Il reste, c’est vrai, quelques formules justes, comme celle d’affirmer qu’en 2008, le paradigme du marché a pris le pas sur celui de la géopolitique. Mais l’on savait, non, que désormais les spéculateurs apatrides avaient le pouvoir de faire plier n’importe quelle puissance.
Enfin, surnage une analyse selon laquelle les Etats-Unis ont à affronter une situation intérieure des plus problématiques. Le poids de la démographie (en 2042, les minorités seront majoritaires), l’incroyable creusement des inégalités sociales, comme partout dans le monde occidental, mais dont les conséquences pourraient être graves dans ce pays où toutes les richesses sont concentrées entre les mains d’une minorité Wasp. Au fond, de tous ces lieux communs de la pensée critique contemporaine, il ne resterait à retenir que la judicieuse exhorte au Peuple américain, qui devra réaliser enfin que son modèle d’enrichissement et d’intégration (le crédit) est désormais en panne, et qu’il lui faudra moderniser tout l’appareil de la croissance américaine et donc, tout son appareil politico-financier s’il veut éviter de périlleux soubresauts de révolte, défi au fond auquel l’Europe est elle-même confrontée.
Un mot encore, concernant le modèle d’interprétation séculaire désormais, selon lequel la politique étrangère américaine tiendrait toute dans sa volonté de soustraire le sol américain à tout danger extérieur… C’est faire bien peu de cas d’une volonté inaugurée en 1945 (en 42 pour être plus précis, lorsque ceux qui allaient créer la CIA rencontraient secrètement Himmler à Zurich), à savoir : la domination du monde.
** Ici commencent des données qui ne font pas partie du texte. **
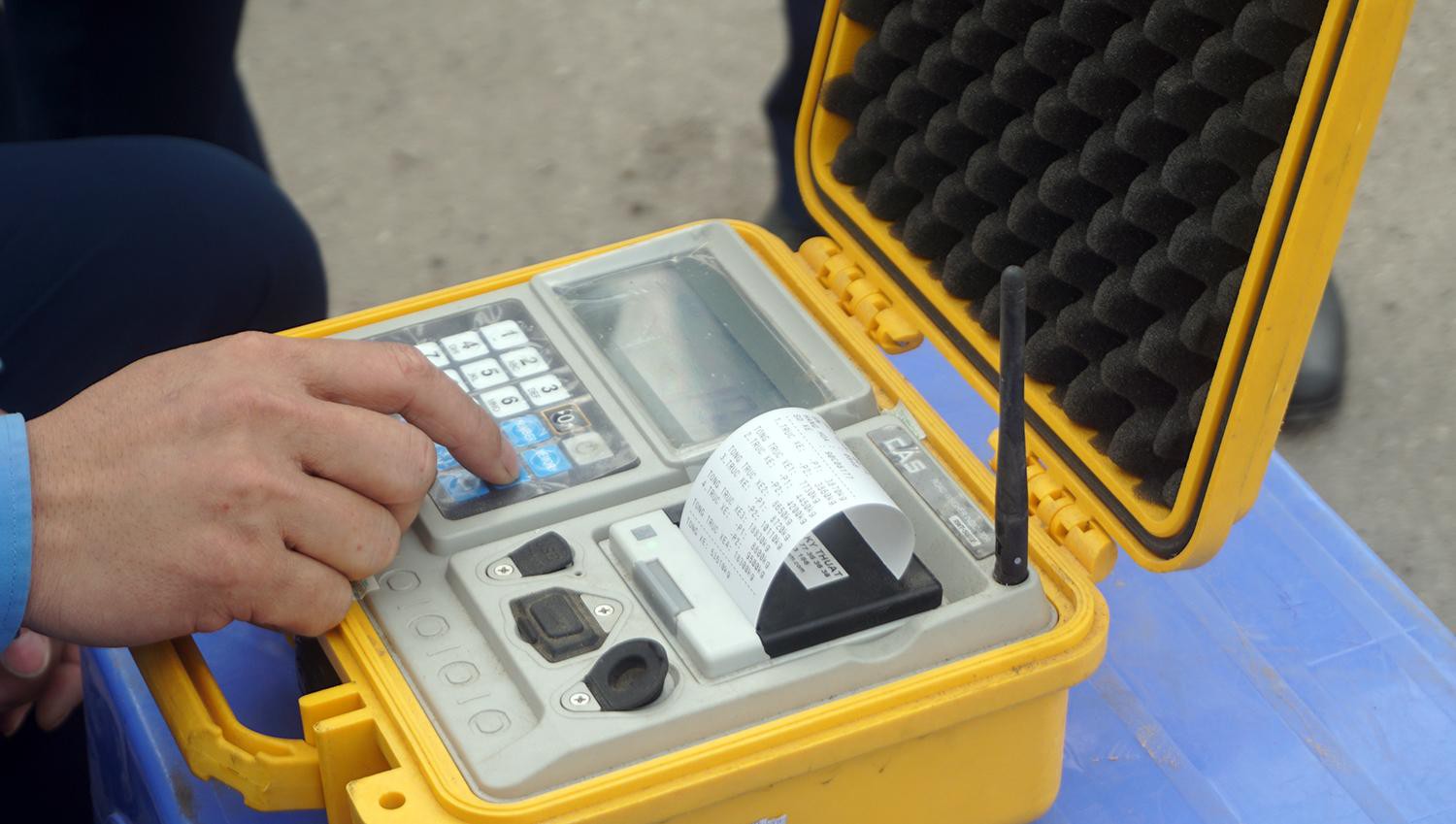 Không lâu sau đó, tổ công tác tiếp tục dừng chiếc xe tải BKS 20C-049.75 và yêu cầu nam tài xế đưa xe vào cân tải trọng.

Volonté avec laquelle on n’en a pas encore fini, et qui change fondamentalement notre interprétation du monde : les Etats-Unis sont, depuis 45, la seule nation continuellement en guerre contre le reste du monde. L’étudier, c’est étudier la pérennité de la socialisation des élites politiques aux Etats-Unis et leur mainmise sur la politique étrangère de ce pays, voire sa confiscation pure et simple au service de bien peu recommandables intérêts privés. On est loin, ici, de l’épouvantail commode de la "psyché américaine", cache-misère des discours néo-libéraux sur le monde tel qu’il va, mal, merci. --joël jégouzo--.
Où va l’Amérique d’Obama, Hervé de Carmoy et Alexandre Adler, PUF, Quadrige, coll. Essais-Débats, septembre 2011, 190 pages, 18 euros, ean : 978-2-13-058972-3.
WHO PAID THE PIPER?: The CIA and the Cultural Cold War, by Francis Stonor Saunders, Granta Books, London 1999, ISBN: 1862073279.
Qui mène la danse ? La CIA et la Guerre Froide culturelle, traduit de l’anglais par Delphine Chevalier, Denoël, Paris, 504p, juin 2003.